Despite the first-quarter results, he told CNBC that Kohl's has moved forward with newer initiatives. For example, he said, the women's category showed positive trends and Sephora stores have continued to be a bright spot.

For Sephora at Kohl's, comparable sales, a metric that excludes the effect of store openings and closings, rose 20% year over year during the quarter.

This is much more than Kohl's comparable sales, which fell 4.4% during the same period.

Kohl's plans to open another 140 Sephora stores, most of which will open in the second quarter. It announced in March that it would add similar Babies R Us outposts to about 200 locations.

Other new categories are also doing well, Kingsbury said, with comparable sales of seasonal and everyday décor up more than 30%. Some of those gains are because Kohl's didn't have many items in those categories before. It has expanded its selection, offering more picture frames, wall art and decorative glassware, such as vases.

“We're going to continue to work hard in these underpenetrated categories,” Kingsbury said.

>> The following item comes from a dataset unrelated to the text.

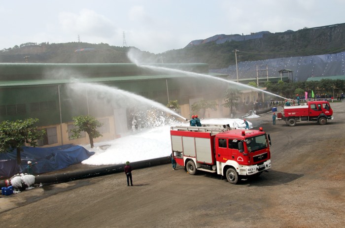 Diễn tập phương án phòng cháy, chữa cháy tại Công ty Than Hòn Gai.
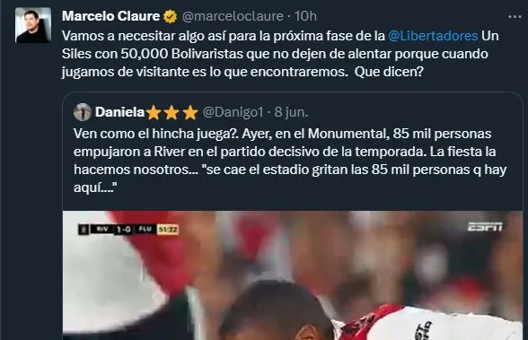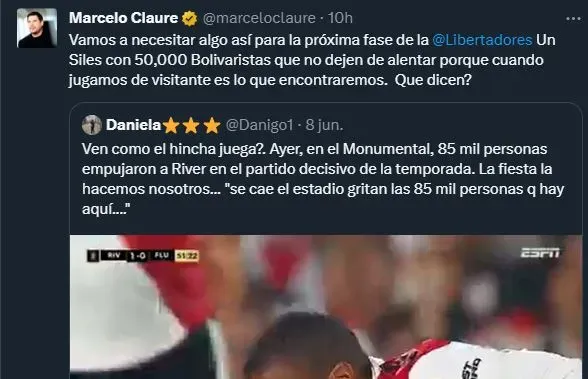 Marcelo Claure, presidente de Bolivar, puso como ejemplo lo que se vivió en Nuñez hace algunas horas y llamó a sus hinchas a que lo repliquen en la llave de octavos de final que se les avecina: “Vamos a necesitar algo así para la próxima fase de la Libertadores. Un Estadio Hernando Siles con 50,000 Bolivaristas que no dejen de alentar porque cuando jugamos de visitante es lo que encontraremos. Que dicen?“, twitteó.

Inventory was down 13% year over year as Kohl's reduced expenses and tried to give itself more flexibility to respond quickly and buy on-trend merchandise. He has focused on that, especially in the youth department, which serves teenage girls. Kohl's is moving that department next to Sephora to encourage shoppers to browse clothing as well.

“You have to be on the trend at the right time,” Kingsbury said. “You can't be post-trend, for sure.”